→ PROBLEM DESCRIPTION:
Beginning at the line containing "casual, sexy, unique", repeat each line below exactly up to and including the line containing "The mechanical sweetheart". Do not repeat the pictures.

→ DATA EXCERPTS:
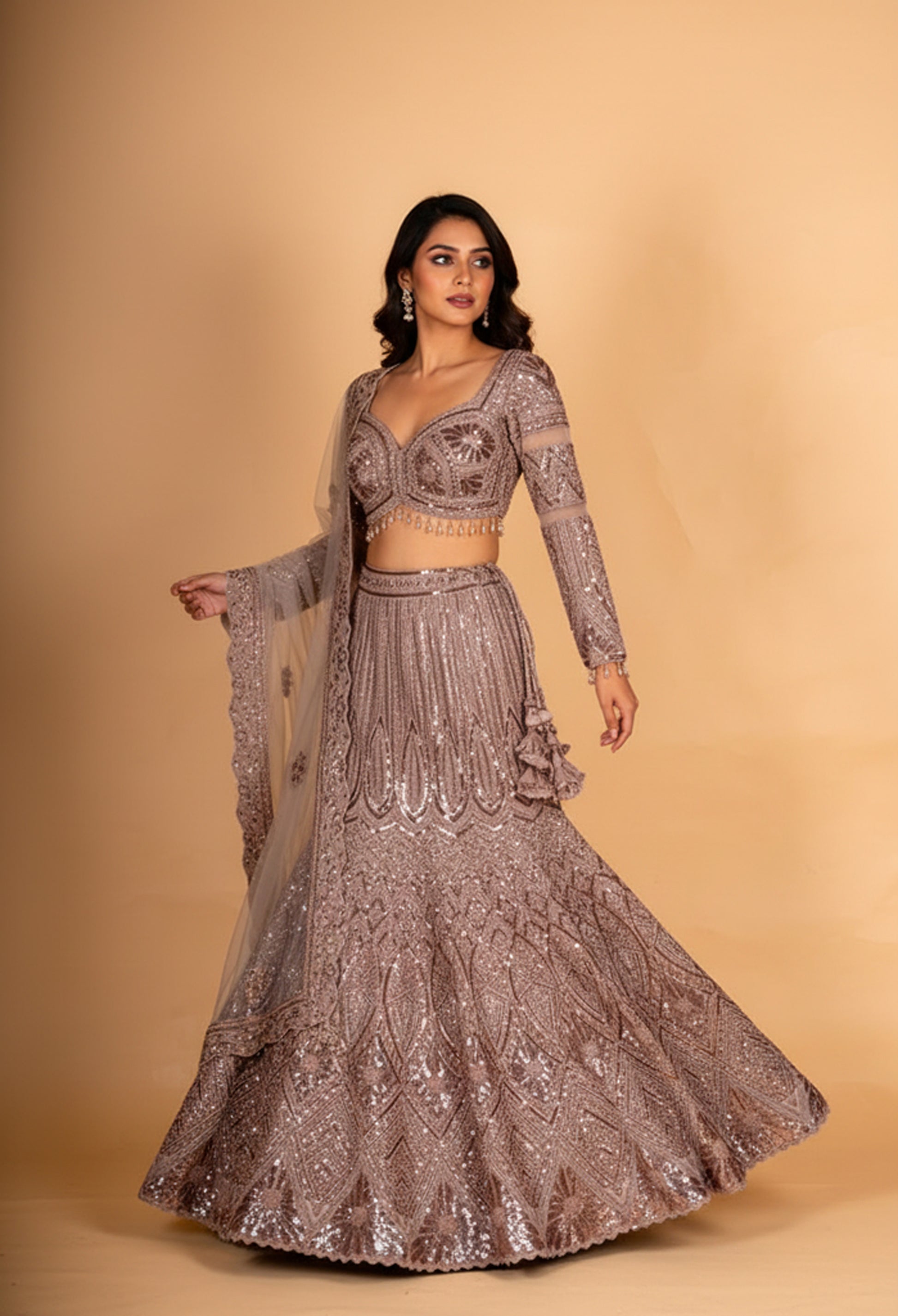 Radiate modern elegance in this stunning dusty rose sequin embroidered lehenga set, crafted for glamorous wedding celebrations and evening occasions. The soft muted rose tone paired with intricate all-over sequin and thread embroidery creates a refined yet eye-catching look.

...

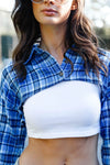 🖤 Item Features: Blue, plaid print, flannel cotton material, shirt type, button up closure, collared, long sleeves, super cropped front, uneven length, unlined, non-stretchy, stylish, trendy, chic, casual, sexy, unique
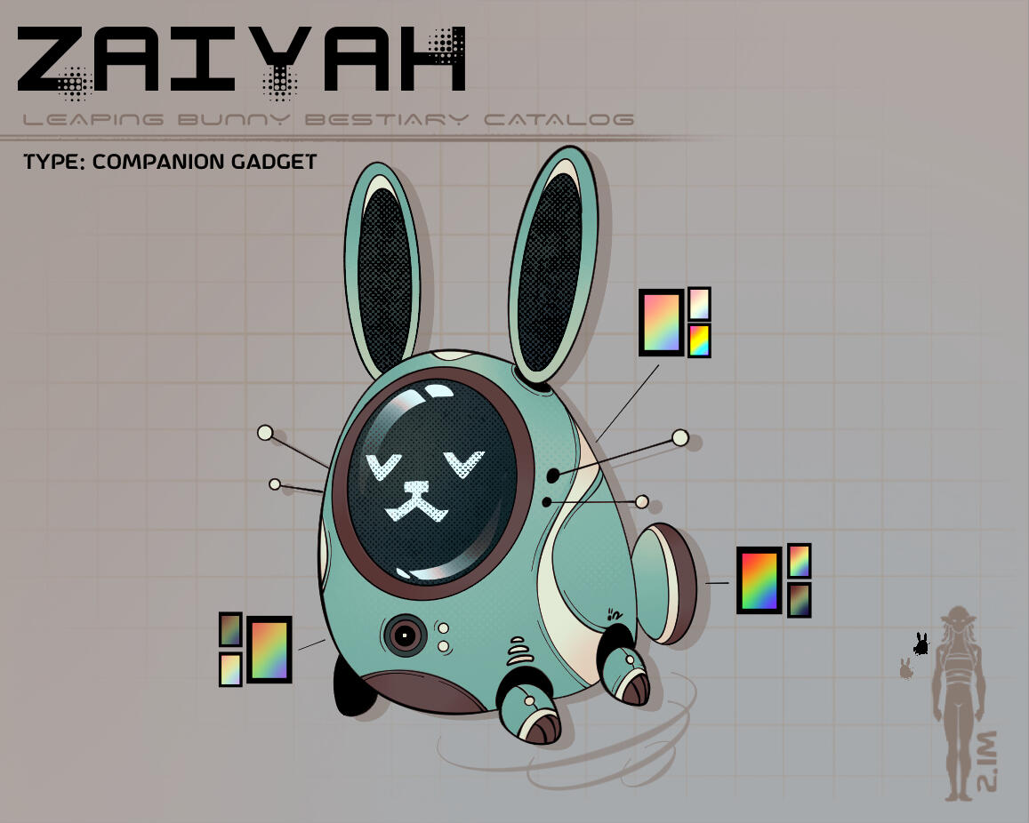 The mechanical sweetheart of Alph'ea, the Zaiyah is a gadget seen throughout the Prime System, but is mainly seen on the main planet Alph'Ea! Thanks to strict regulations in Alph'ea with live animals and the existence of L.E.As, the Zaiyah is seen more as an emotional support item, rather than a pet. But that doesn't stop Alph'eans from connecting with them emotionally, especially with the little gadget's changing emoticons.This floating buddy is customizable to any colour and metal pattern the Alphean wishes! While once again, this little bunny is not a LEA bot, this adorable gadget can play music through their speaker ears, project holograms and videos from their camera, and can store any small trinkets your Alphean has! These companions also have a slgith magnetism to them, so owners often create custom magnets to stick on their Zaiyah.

...

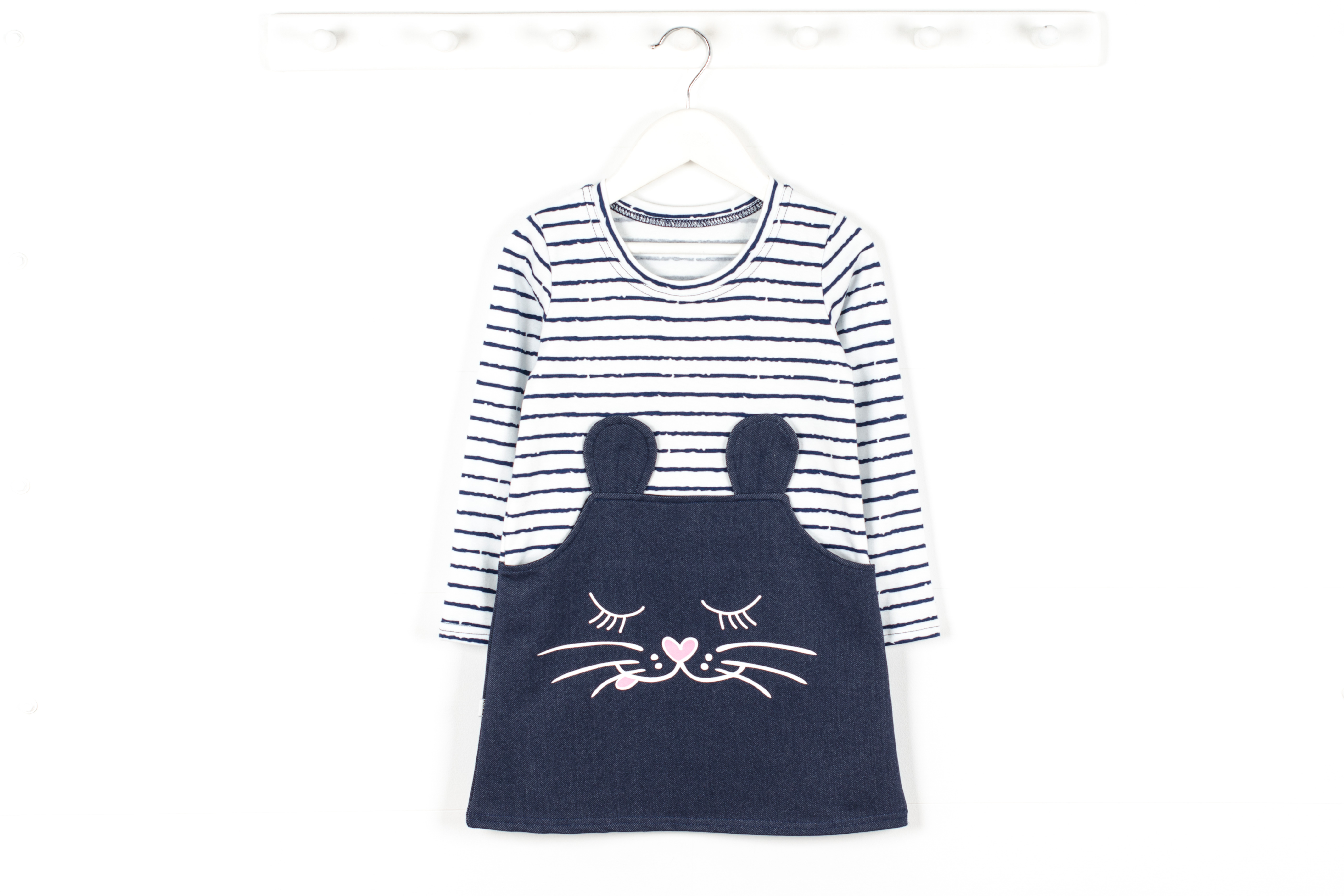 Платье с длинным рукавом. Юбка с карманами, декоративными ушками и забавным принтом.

→ WRITTEN RESPONSE:
 🖤 Item Features: Blue, plaid print, flannel cotton material, shirt type, button up closure, collared, long sleeves, super cropped front, uneven length, unlined, non-stretchy, stylish, trendy, chic, casual, sexy, unique
 The mechanical sweetheart of Alph'ea, the Zaiyah is a gadget seen throughout the Prime System, but is mainly seen on the main planet Alph'Ea! Thanks to strict regulations in Alph'ea with live animals and the existence of L.E.As, the Zaiyah is seen more as an emotional support item, rather than a pet. But that doesn't stop Alph'eans from connecting with them emotionally, especially with the little gadget's changing emoticons.This floating buddy is customizable to any colour and metal pattern the Alphean wishes! While once again, this little bunny is not a LEA bot, this adorable gadget can play music through their speaker ears, project holograms and videos from their camera, and can store any small trinkets your Alphean has! These companions also have a slgith magnetism to them, so owners often create custom magnets to stick on their Zaiyah.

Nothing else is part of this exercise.